A new survey of Harvard Business School alumni pointed to entrepreneurship as the strongest element of the national economy -- and that it is still improving. Entrepreneurship was joined by capital markets, universities and innovation as significant strengths in the U.S.
What is at the opposite end of the spectrum? The tax code, politics, health care and education.
The report, "The Challenge of Shared Prosperity," asks respondents to share their experiences with, and perceptions of, new firm formation. It focused on the barriers to starting a business and the steps that local leaders might take to lower those barriers.
The report also showed that HSB alumni around the world feel that the barriers to entrepreneurship are receding and that it is easier to start a new firm today than it was ten years ago.
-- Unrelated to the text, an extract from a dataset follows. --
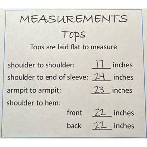 Clothing actual size can be different than the tag size because of washing or style/cut. Please see the measurements in the photos and compare to an item that fits you. All items are laid flat for measurements.

And while the strides being made outside the U.S. are impressive, "all elements of entrepreneurial ecosystems, from capital and talent to professional netorks and office space, are more available in the U.S. than elsewhere."
The number one barrier to entrepreneurship in America is the cost of health care (64%), followed by regulatory burdens (57%), tax burdens (54%) and lack of startup capital (52%).
In other parts of the world, HBS alumni pointed to lack of startup capital (71%) as the top challenge, followed by lack of growth capital (68%), lack of managerial talent (66%) and regulatory burdens (66%).
How important is it to focus on investments to bolster entrepreneurial ecosystems? 82 percent of all respondents said that it was equal or higher priority to other investments to improve the economy of a respondent's region.